Protein structure determination by x-ray crystallography and NMR
In the last lectures we learned how protein structures are determined experimentally.
Today, we'll focus on how computational techniques are employed to aid
There are two main techniques for solving protein structures: x-ray
crystallography and Nuclear Magnetic Resonance (NMR).
As can be seen from the current
PDB holdings, more than 42,000 protein structures have been solved
so far, and are available from the
Protein Data Bank. About 13% of these are NMR structures, the rest
are x-ray crystallographic structures. As can also be seen on the PDB holdings list,
the number of solved proteins grows even faster, due to advancements
in structure determination techniques.

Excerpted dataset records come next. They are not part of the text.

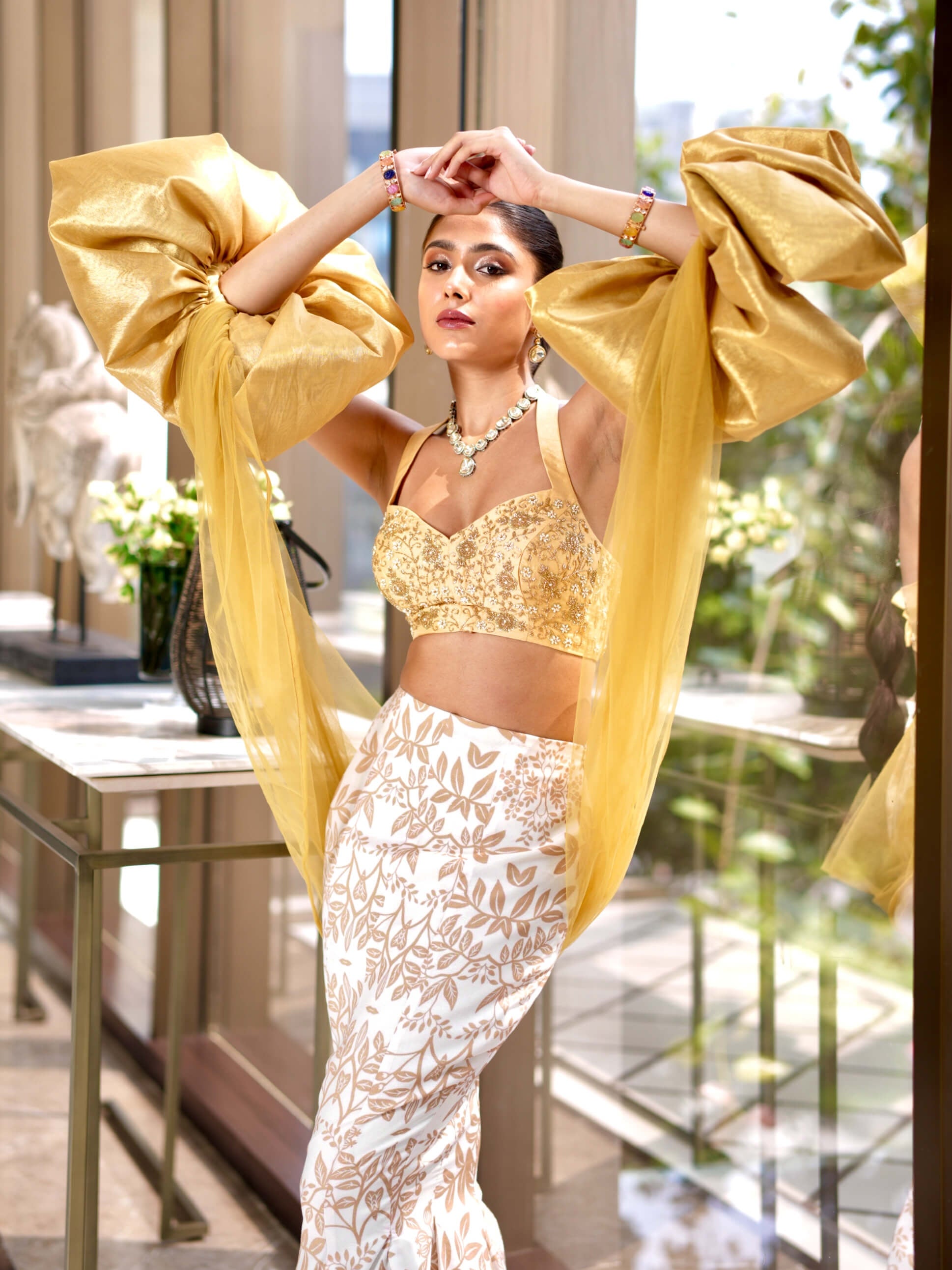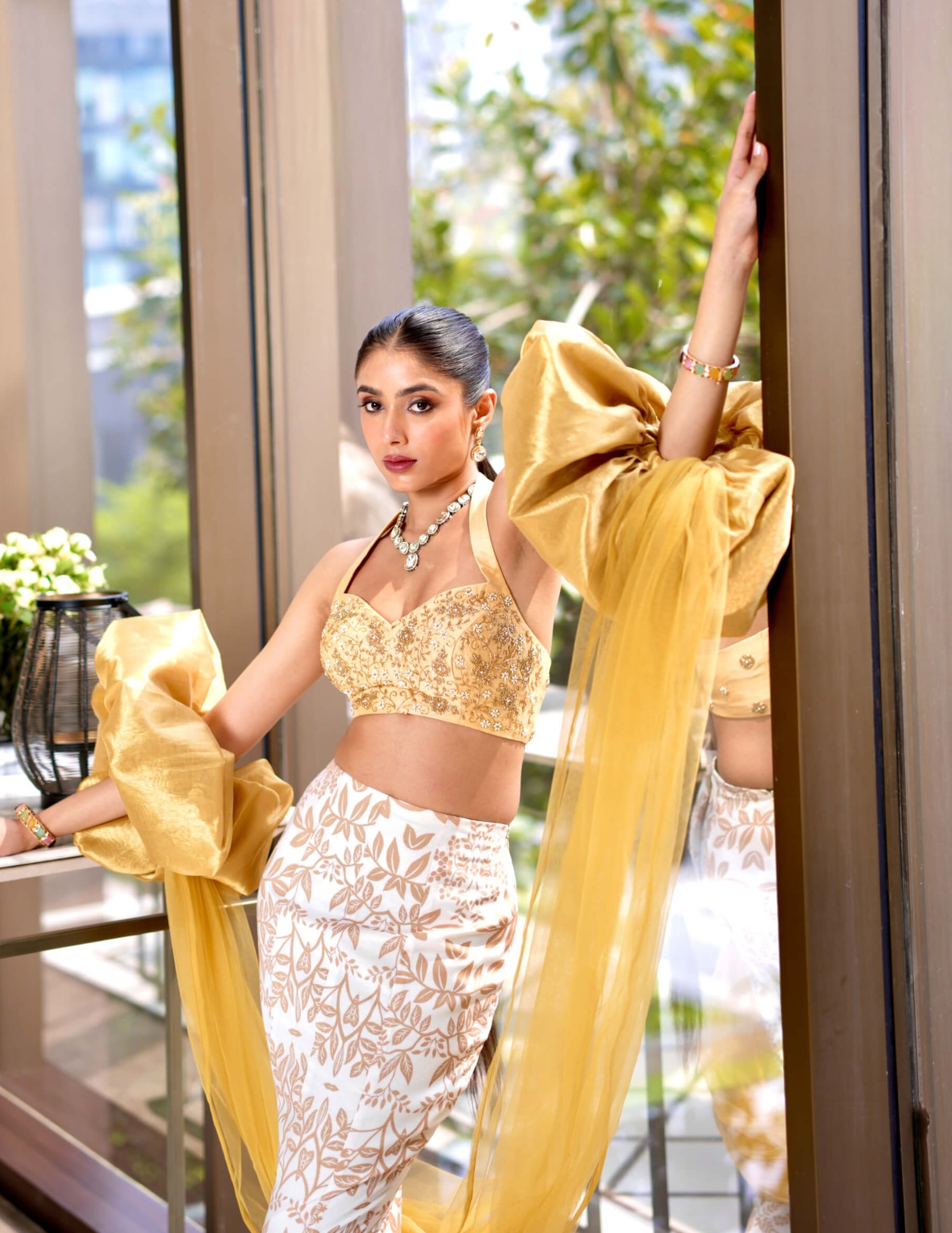 Step into sophistication with the hand-embroidered silk halter-necked blouse paired elegantly with a printed modal silk fishtail lehenga and tissue-puffed drape dupatta. The halter-necked blouse features intricate embroidery, offering a blend of elegance and modern flair. Complementing this ensemble is the printed modal silk fishtail lehenga, which combines comfort with a flattering silhouette. Complete your look with the tissue-puffed drape dupatta, adding a touch of lightness and grace to the outfit. Ideal for weddings and special occasions, this ensemble combines traditional craftsmanship with contemporary design, ensuring you stand out with refined style and poise.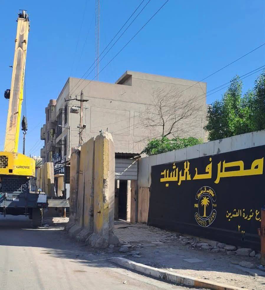 أعلنت قيادة عمليات بغداد، اليوم السبت، عن رفع الكتل الكونكريتية حول مصرف الرشيد بجانب الرصافة في بغداد.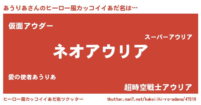 | 意味不明あだ名 | 『永久保存あうりあ』『自称あうりあ』 |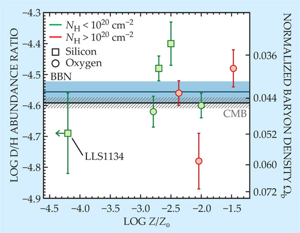 Figure 2. The primordial deuterium/hydrogen abundance ratio predicted from cosmic-microwave-background (CMB) data (hatched bar) is compared with direct measurements in a variety of high-redshift clouds, plotted as a function of their metallicities Z. The new LLS1134 datum has only an upper limit on Z. The right-hand axis translates D/H into cosmic baryon density according to Big Bang nucleosynthesis (BBN) theory, and the blue bar shows the new world average of D/H measurements. The measurements are consistent with the CMB baryon-density determination and with each other. There’s no evident dependence of measured D/H on a cloud’s hydrogen column density NH, its Z, or the heavy element on which the Z measurement is primarily based. (Adapted from ref.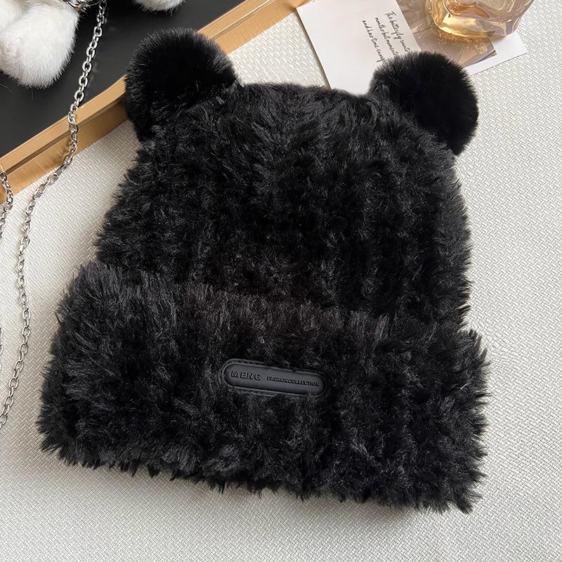 Осенне-зимняя плюшевая шапка-медведь, женская новая вязаная шапка с большой окружностью головы, меховая подкладка, утолщенная теплая защитная шапка для ушей one size (54-58cm)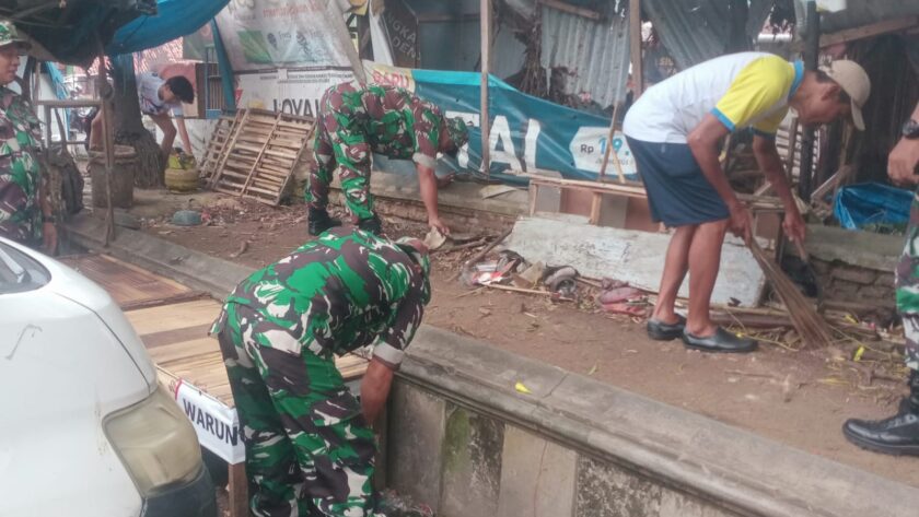 PAS-S.COM- BANDAR LAMPUNG – Guna menciptakan lingkungan yang bersih dan sehat, Koramil 410-05/Tanjung Karang Pusat (TKP) menggelar kegiatan gotong royong bertajuk ‘Kamis Bersih’ di sekitar kawasan Pasar Tamin, Kelurahan Kelapa Tiga, Kamis (18/9) pagi. Kegiatan ini merupakan bagian dari program serentak yang digalakkan Kodim 0410/KBL di seluruh jajarannya.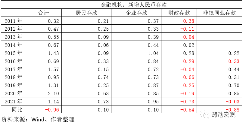 今年11月當(dāng)月,居民存款與企業(yè)存款分別新增0.73萬(wàn)億和0.95萬(wàn)億,同比分別多增0.10萬(wàn)億和0.10萬(wàn)億,創(chuàng)歷年11月新增最高。與此同時(shí),財(cái)政存款與非銀同業(yè)存款10月當(dāng)月分別少增0.54萬(wàn)億元和0.88萬(wàn)億元,反映出政府債券發(fā)行、投資支出增加以及非銀體系流動(dòng)性下降等因素。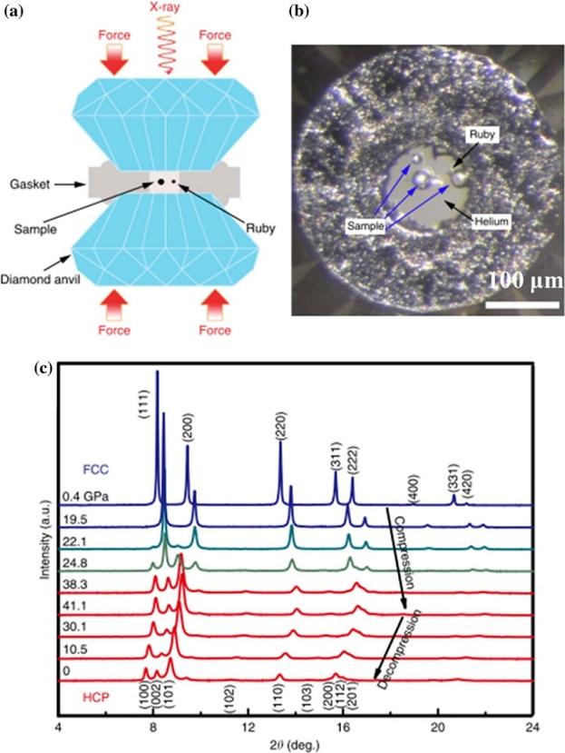 a, b Experimental setup, c the in situ high-pressure XRD patterns of the CoCrFeMnNi HEA [29]

Nevertheless, the number of
known protein sequences is almost an order of magnitude larger
(currently about 276,000, as available from the SWISS-PROT
Reading PDB files
As we've learned last time, protein structures are stored at the Protein Data Bank, from which
individual protein structures can be retrieved as so-called PDB
files. Before we will turn to the structure determination itself, let
us have a closer look at a typical PDB file, to see what can be
learned about the background of the structure (experimental conditions
etc.) and the structural quality (the resolution, coordinate uncertainty).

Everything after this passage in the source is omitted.